I'm sorry,
@KariannNor, you've just lost me. I think your hand-wringing is over the top here, and you have now stepped past the point where any useful outrage is going to be generated to change other's behaviours. Not that I expect that most people here who read your post are likely to need their behaviour changed in this regard.
I cannot tell what is on top of the can, and I'm not sure that knowing would make much difference. Your initial suggestion that it is disgusting I can understand. And it is disrespectful of the environment and one's fellow walkers and locals to litter in this way. But a concrete majone is not some ancient stone. It is a block of concrete, occasionally with the metal markers left intact, some installed just a few years ago, by the Xunta in Galicia.
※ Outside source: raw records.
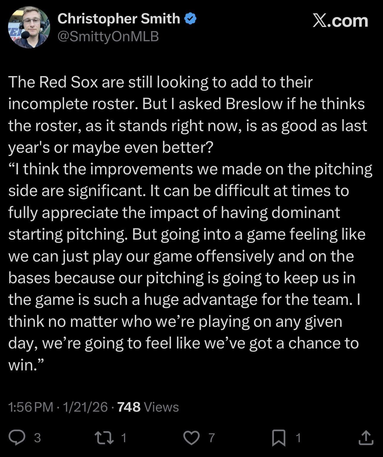 5. In all defense to Breslow, he has spoken in-depth, even today, on the fact Red Sox still have a lot to do. Defensive in fielding, acquiring a RH bat, etc. I appreciate this question from the interviewer, but let it be known it can be misleading if We conflate “Do you feel you’re better“ with “Do you feel you have a complete roster?”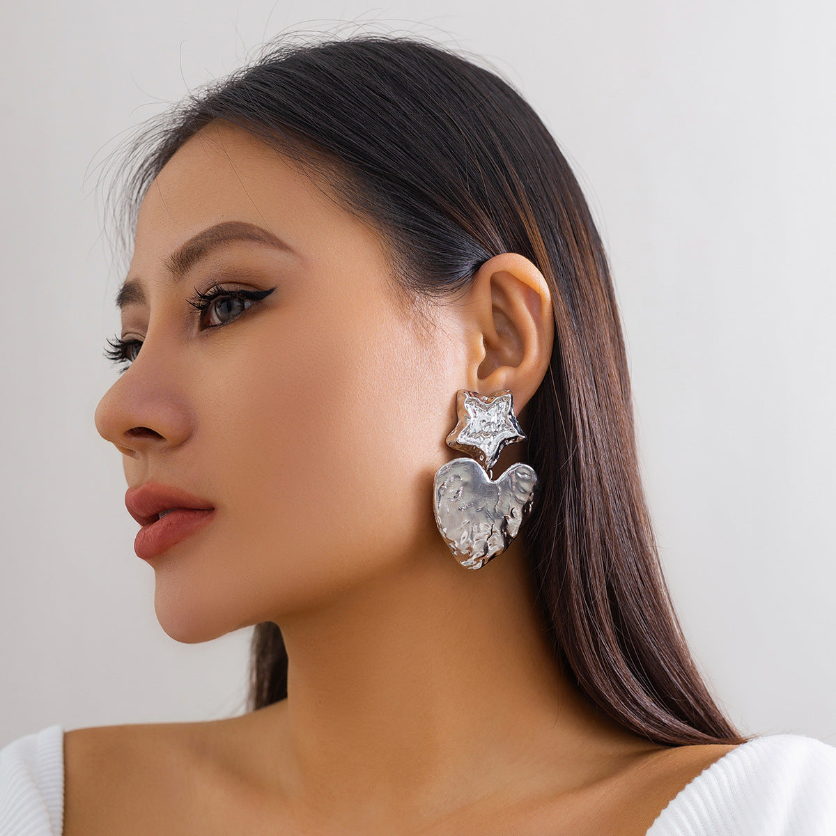 Metal heart-shape niche earrings retro versatile cool style striped earrings for women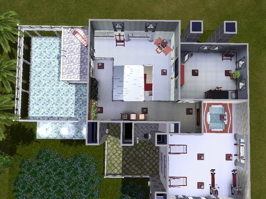 Required: The Sims 3 base game, High End Loft Stuff, Town Life Stuff, Generations, Showtime, Pets, Master Suite Stuff. Cheat used: 'moveobjects on' and 'constrainfloorelevation true/false'.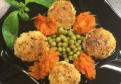 Легкие и вкусные котлеты из крабового мяса с лимонным соком, сладким перцем, зеленым луком и специями, с французским соусом ремулад из йогурта с майонезом, маринованными огурцами, каперсами и дижонской горчицей.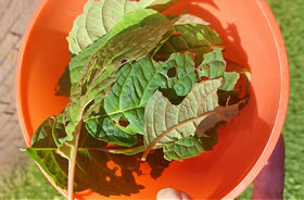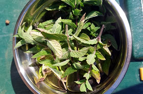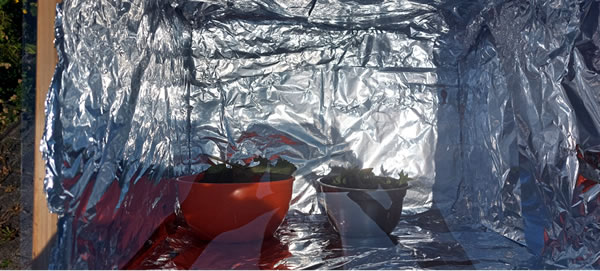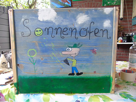 Vör de apen Siet warrt noch en Plexiglasschiev monteert. Plexiglas kannst ok heel good bearbeiten un denn jichenswie bündig maken, dat an de Sieden nich to veel Warms verlarengeiht. Op't best kannst de Schiev mit Metallwinkel fastklemmen. Schöön dicht un togliek licht optokriegen. Fertig. Se ahnt dat al: Düt is en Döör- un Dröögaven. Wenn du den na de Sünn dreihst, hett de Aven binnen in Nullkommanix 70°C. Ik will düsse Krüder drögen un Tee dorvun maken. Dat sünd Minze un düsse japaansche Teehortensie. De Minze is heel aromatisch, anners as de ut't Reformhuus, veel intensiver. Aver ok lecker. Kannst aver ok Petersilie orr Aavt in den Aven drögen. Allens even, wat geiht.

It deserves respect, not as some sacred object, but for the practical waymarking of a camino route that informs all of us who walk past it that we are on the path, and where we should go next.
I think you can expect any argument based on attaching any more significance than that to be ridiculed, which will completely detract from any useful reminder that anyone might need that littering, whether it be discarded food and drink containers or our own excreta, is to be avoided personally, and discouraged in others.
Note that a post suggesting that a majone is an ancient stone marker has been removed. I will edit this post again in due course, but I do think that anything that distracts from the underlying message is unhelpful.
I am also sure that there are many, if not all, of us, who see useful practices in our own countries that have made some, if not substantial, differences to the amount of litter in our built and natural environments. Maintaining the personal disciplines associated with these - leave no trace, packing out our trash, minimising our use of plastics, etc, etc, is a good thing, and it should be encouraged. We don't need a change in Spanish law to do that.